Dive into the full course on GitHub, and soon you'll be talking to machines like they’re your best friend.
Don’t rush, though — even computers need some time to understand us.
'''

In [7]:
print(corpus)

Hey there! Welcome to Anshum Banga’s NLP tutorials.
Dive into the full course on GitHub, and soon you'll be talking to machines like they’re your best friend.
Don’t rush, though — even computers need some time to understand us.



In [8]:
# Toekenisation 

# converting sentences to paragraphs 

from nltk.tokenize import sent_tokenize

# this would help us to convert parapraphs into sentences

In [12]:
sent_tokenize(corpus)
# As we can see, the tokenizer splits the text into sentences
# It incorrectly considers a period ('.') as the end of a sentence
# Similarly, it treats an exclamation mark ('!') as a sentence boundary
# This leads to incorrect sentence segmentation in cases where punctuation marks are used in different contexts

documents = sent_tokenize(corpus)
documents

['Hey there!',
 'Welcome to Anshum Banga’s NLP tutorials.',
 "Dive into the full course on GitHub, and soon you'll be talking to machines like they’re your best friend.",
 'Don’t rush, though — even computers need some time to understand us.']

In [13]:
# loops 

for i in documents:
    print(i)

Hey there!
Welcome to Anshum Banga’s NLP tutorials.
Dive into the full course on GitHub, and soon you'll be talking to machines like they’re your best friend.
Don’t rush, though — even computers need some time to understand us.


In [14]:
## Second Type of Tokenisation 
# Convert Paragraph into words 
# convert sentences into words 

In [15]:
from nltk.tokenize import word_tokenize

In [17]:
print(word_tokenize(corpus))

# Here, you can see that each word is separated individually.
# Why do we do this? Because every word carries its own significance in understanding the meaning of the sentence.

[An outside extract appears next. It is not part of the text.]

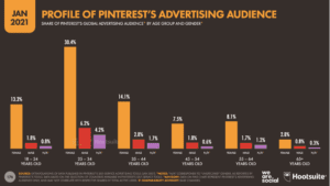 Reklamlama kitlelerine bakarsak cinsiyet dağılımı biraz değişiyor. Ocak 2021’den itibaren Pinterest’in kişisel reklamlama araçları kadın kitlenin %77.1 oranında ve erkek kitlenin %14.5 oranında olduğunu ve kalanının belirtilmemiş olduğunu ortaya çıkardı.

['Hey', 'there', '!', 'Welcome', 'to', 'Anshum', 'Banga', '’', 's', 'NLP', 'tutorials', '.', 'Dive', 'into', 'the', 'full', 'course', 'on', 'GitHub', ',', 'and', 'soon', 'you', "'ll", 'be', 'talking', 'to', 'machines', 'like', 'they', '’', 're', 'your', 'best', 'friend', '.', 'Don', '’', 't', 'rush', ',', 'though', '—', 'even', 'computers', 'need', 'some', 'time', 'to', 'understand', 'us', '.']


In [19]:
for sentences in documents:
    print(word_tokenize(sentences))

['Hey', 'there', '!']
['Welcome', 'to', 'Anshum', 'Banga', '’', 's', 'NLP', 'tutorials', '.']
['Dive', 'into', 'the', 'full', 'course', 'on', 'GitHub', ',', 'and', 'soon', 'you', "'ll", 'be', 'talking', 'to', 'machines', 'like', 'they', '’', 're', 'your', 'best', 'friend', '.']
['Don', '’', 't', 'rush', ',', 'though', '—', 'even', 'computers', 'need', 'some', 'time', 'to', 'understand', 'us', '.']


In [20]:
# wordpunkt_tokenize 

from nltk.tokenize import wordpunct_tokenize

In [22]:
print(wordpunct_tokenize(corpus))

# The function wordpunct_tokenize(corpus) splits the text into individual words and punctuation marks.
# It tokenizes the corpus into a list of words while keeping punctuation as separate tokens.
# This is useful when we want to handle punctuation separately or analyze word-punctuation combinations.

['Hey', 'there', '!', 'Welcome', 'to', 'Anshum', 'Banga', '’', 's', 'NLP', 'tutorials', '.', 'Dive', 'into', 'the', 'full', 'course', 'on', 'GitHub', ',', 'and', 'soon', 'you', "'", 'll', 'be', 'talking', 'to', 'machines', 'like', 'they', '’', 're', 'your', 'best', 'friend', '.', 'Don', '’', 't', 'rush', ',', 'though', '—', 'even', 'computers', 'need', 'some', 'time', 'to', 'understand', 'us', '.']


In [28]:
# tree bank word tokeniser 

from nltk.tokenize import TreebankWordTokenizer

In [29]:
tokenizer = TreebankWordTokenizer()
tokenizer

<nltk.tokenize.treebank.TreebankWordTokenizer at 0x213fd94b1d0>

In [32]:
print(tokenizer.tokenize(corpus))

#The TreebankWordTokenizer will split your text into words and punctuation properly without separating each character.
#full stop would not be treated as a separated word 

['Hey', 'there', '!', 'Welcome', 'to', 'Anshum', 'Banga’s', 'NLP', 'tutorials.', 'Dive', 'into', 'the', 'full', 'course', 'on', 'GitHub', ',', 'and', 'soon', 'you', "'ll", 'be', 'talking', 'to', 'machines', 'like', 'they’re', 'your', 'best', 'friend.', 'Don’t', 'rush', ',', 'though', '—', 'even', 'computers', 'need', 'some', 'time', 'to', 'understand', 'us', '.']